*MATERIAL PROVIDED*:

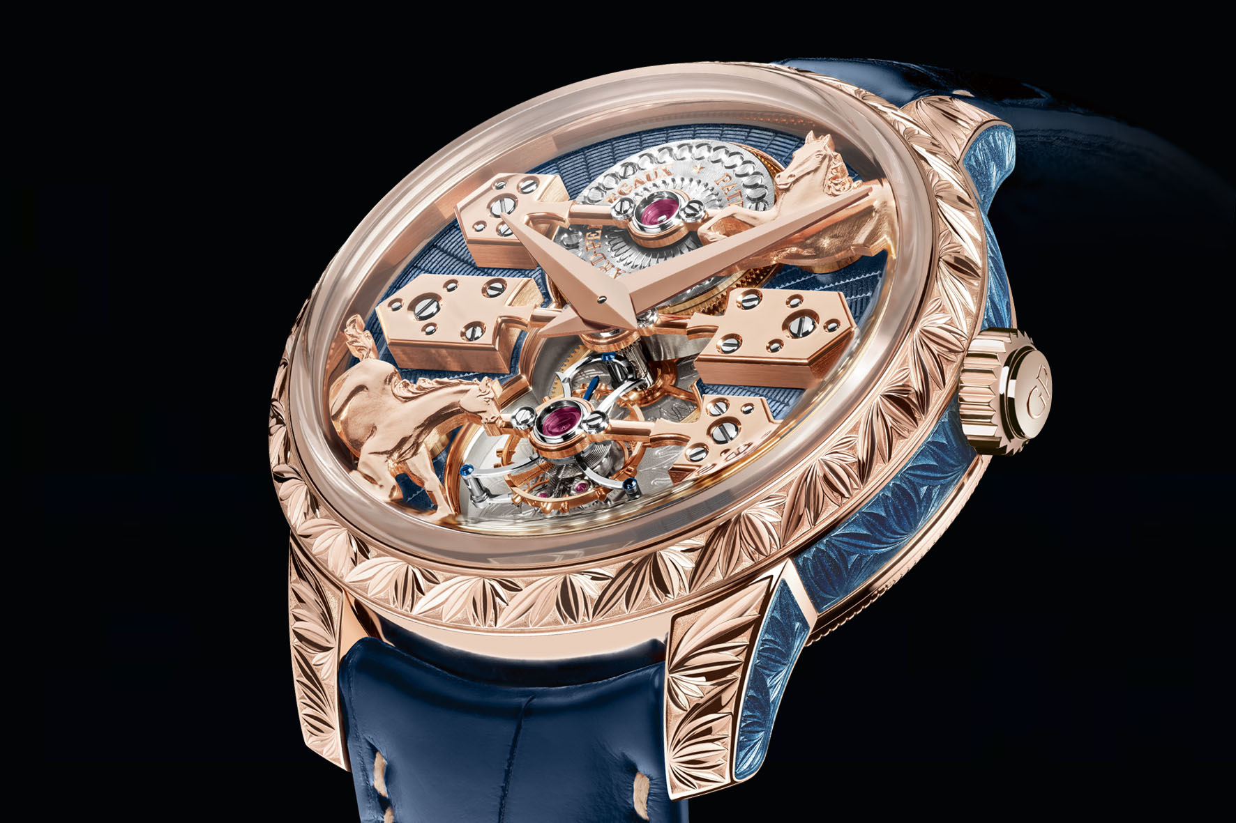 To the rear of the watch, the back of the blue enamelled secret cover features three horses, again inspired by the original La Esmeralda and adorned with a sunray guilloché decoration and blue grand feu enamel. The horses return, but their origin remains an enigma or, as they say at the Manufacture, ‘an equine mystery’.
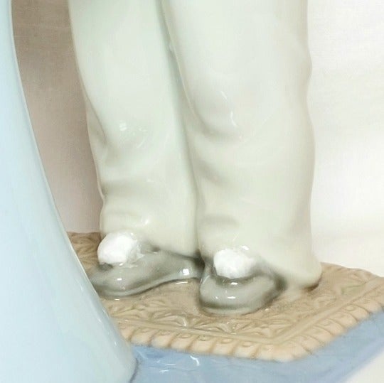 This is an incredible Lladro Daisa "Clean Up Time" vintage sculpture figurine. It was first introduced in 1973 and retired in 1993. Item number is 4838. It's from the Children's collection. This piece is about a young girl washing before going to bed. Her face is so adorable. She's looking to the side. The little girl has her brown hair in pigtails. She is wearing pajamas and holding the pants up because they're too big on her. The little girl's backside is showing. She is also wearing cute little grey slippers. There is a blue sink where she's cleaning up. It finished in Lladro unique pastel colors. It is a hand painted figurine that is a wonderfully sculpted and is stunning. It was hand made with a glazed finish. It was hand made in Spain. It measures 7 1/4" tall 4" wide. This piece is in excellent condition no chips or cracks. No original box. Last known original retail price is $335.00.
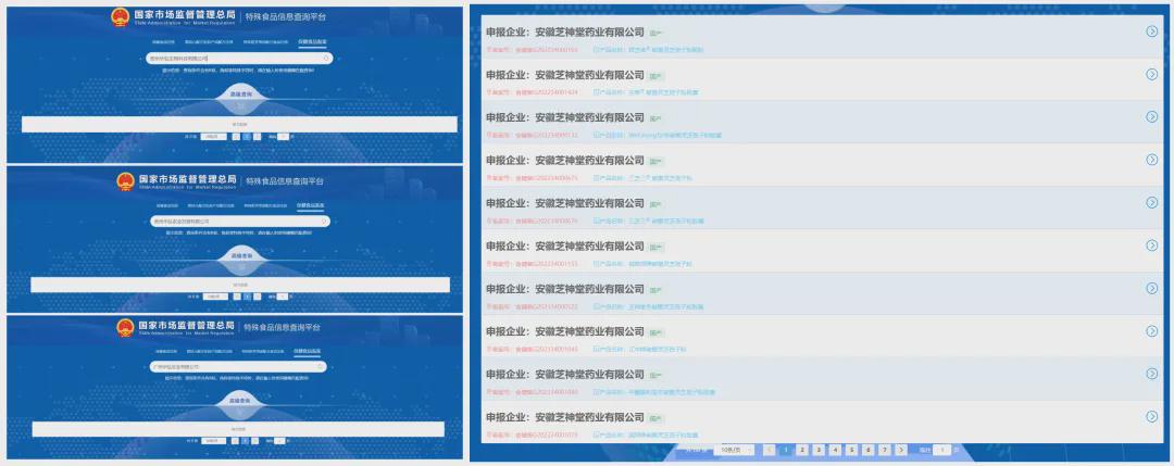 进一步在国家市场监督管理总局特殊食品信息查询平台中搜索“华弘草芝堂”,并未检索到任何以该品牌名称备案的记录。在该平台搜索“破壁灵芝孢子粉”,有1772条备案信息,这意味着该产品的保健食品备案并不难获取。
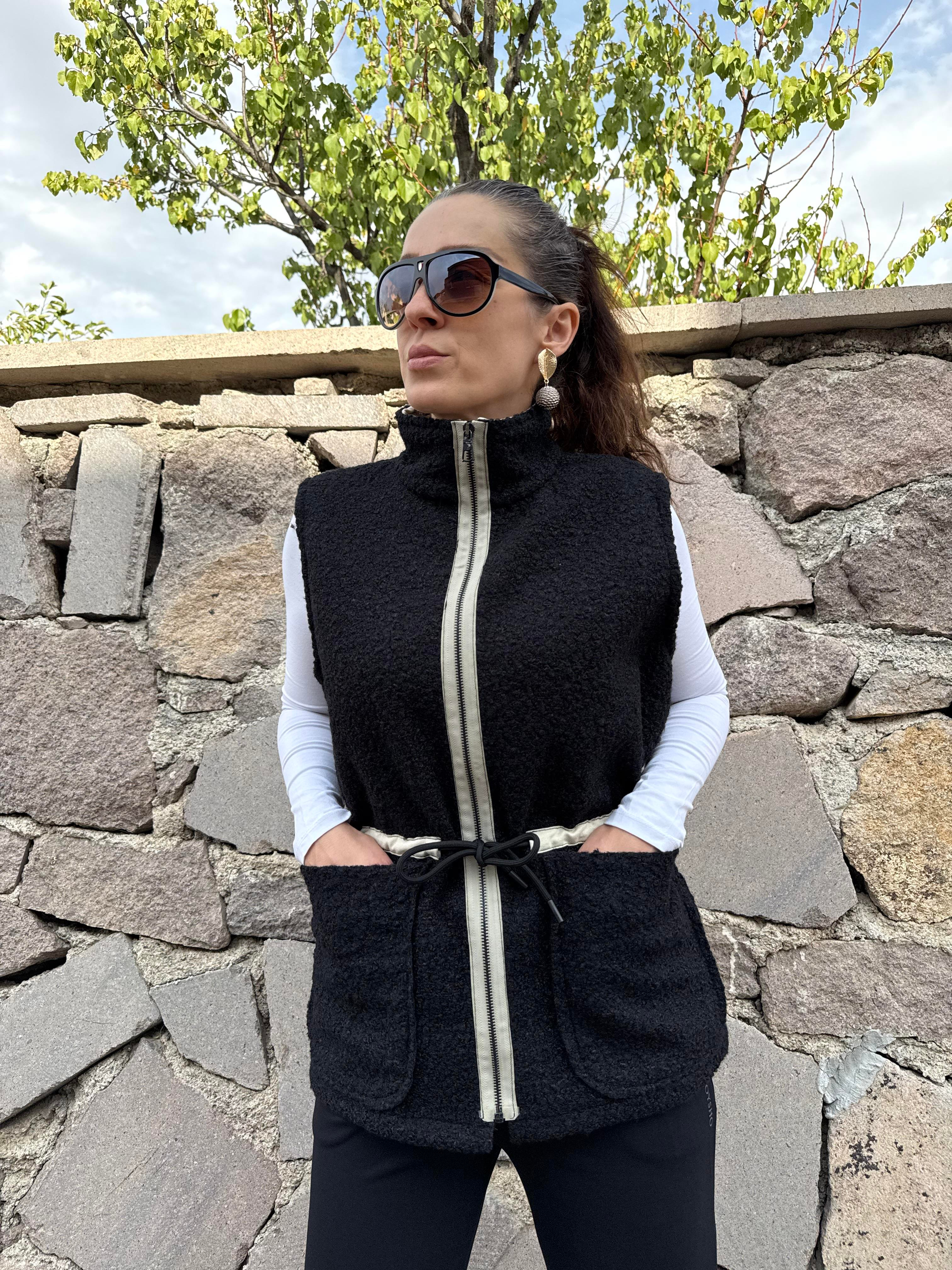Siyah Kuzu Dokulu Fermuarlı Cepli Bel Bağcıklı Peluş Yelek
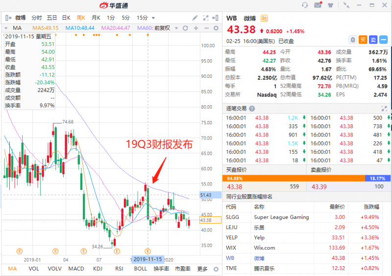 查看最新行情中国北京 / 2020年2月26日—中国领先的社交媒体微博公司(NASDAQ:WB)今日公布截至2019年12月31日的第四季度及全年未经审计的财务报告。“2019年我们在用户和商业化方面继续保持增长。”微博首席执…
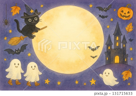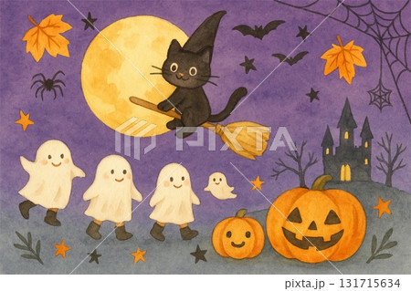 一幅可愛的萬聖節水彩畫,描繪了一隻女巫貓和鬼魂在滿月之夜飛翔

...

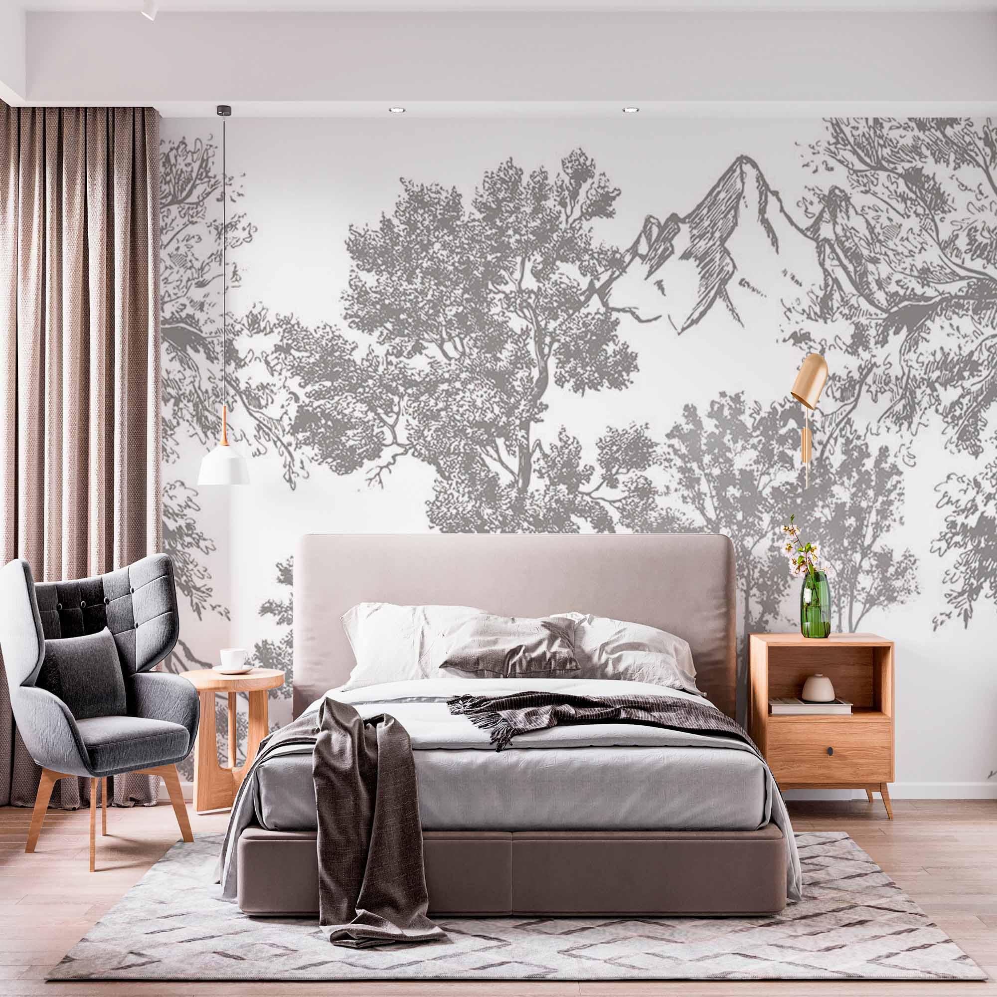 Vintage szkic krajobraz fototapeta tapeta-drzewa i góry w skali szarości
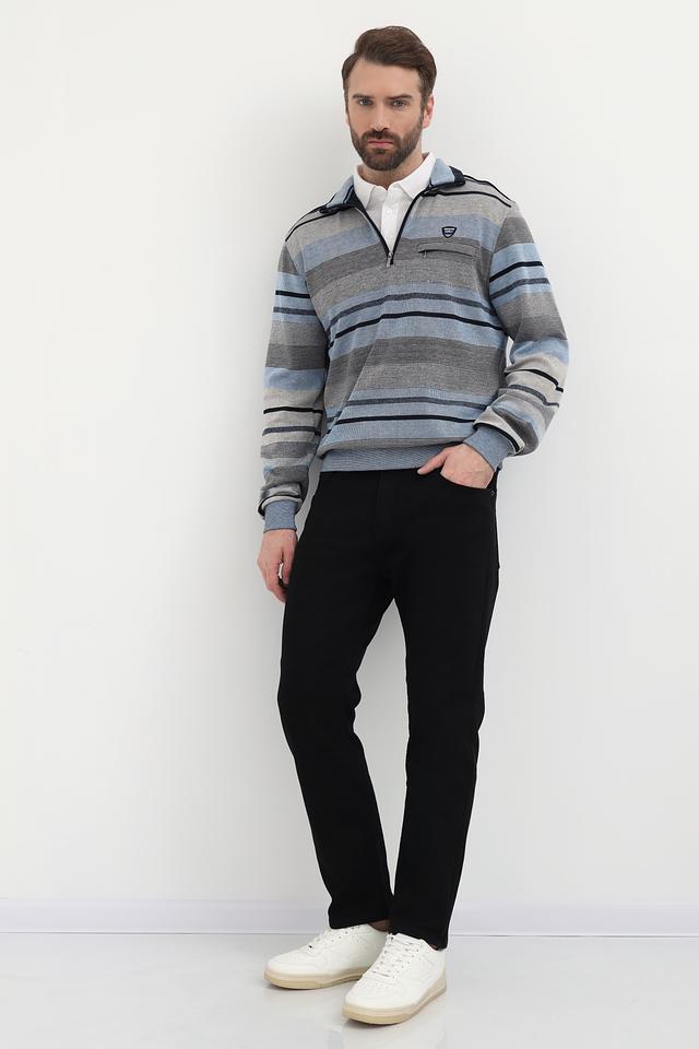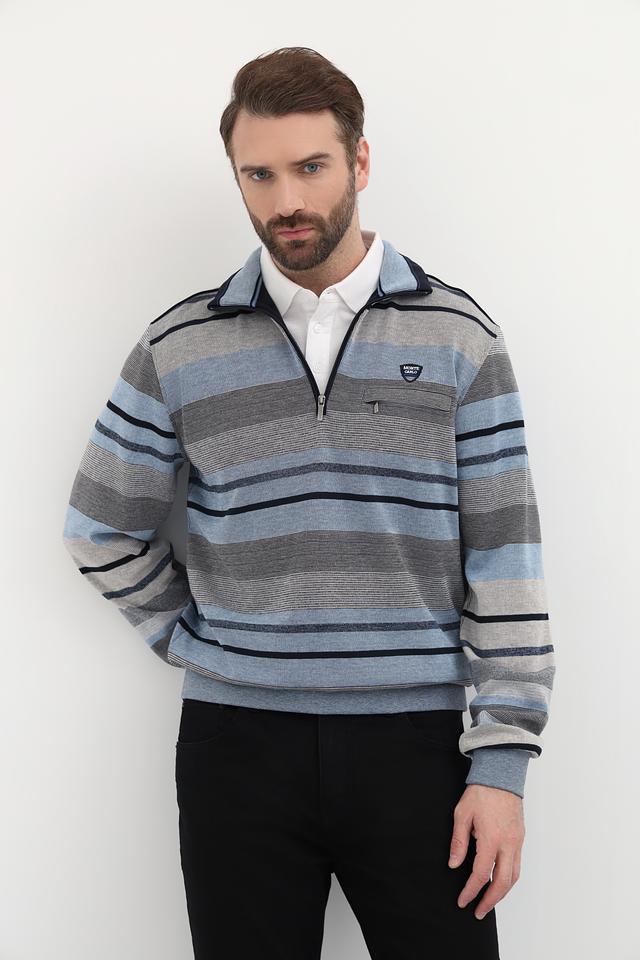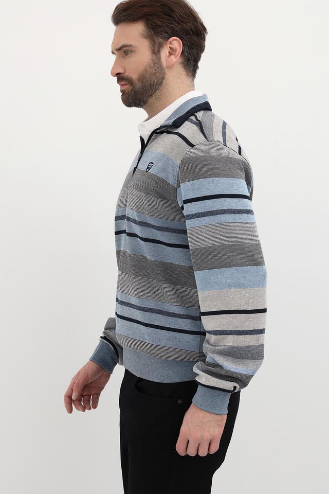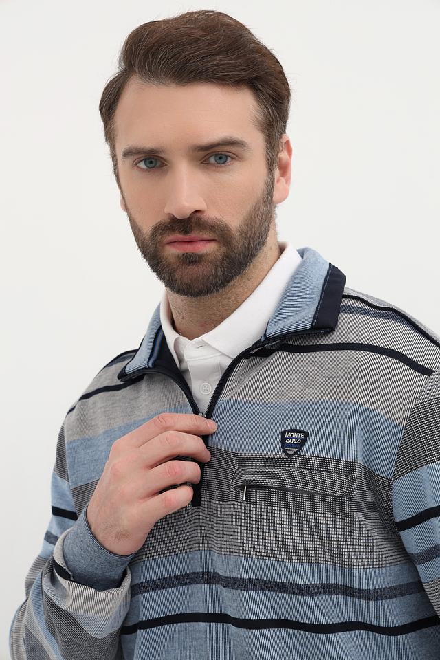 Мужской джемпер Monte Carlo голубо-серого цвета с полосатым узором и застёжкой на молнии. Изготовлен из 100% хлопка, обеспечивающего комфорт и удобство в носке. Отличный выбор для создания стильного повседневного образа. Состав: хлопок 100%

*YOUR GOAL*:
Take the material above and output only the lines from the one that contains "Vintage szkic krajobraz" through the one that contains "Мужской джемпер Monte", ends included and images left out.

*OUTPUT BELOW*:
 Vintage szkic krajobraz fototapeta tapeta-drzewa i góry w skali szarości
 Мужской джемпер Monte Carlo голубо-серого цвета с полосатым узором и застёжкой на молнии. Изготовлен из 100% хлопка, обеспечивающего комфорт и удобство в носке. Отличный выбор для создания стильного повседневного образа. Состав: хлопок 100%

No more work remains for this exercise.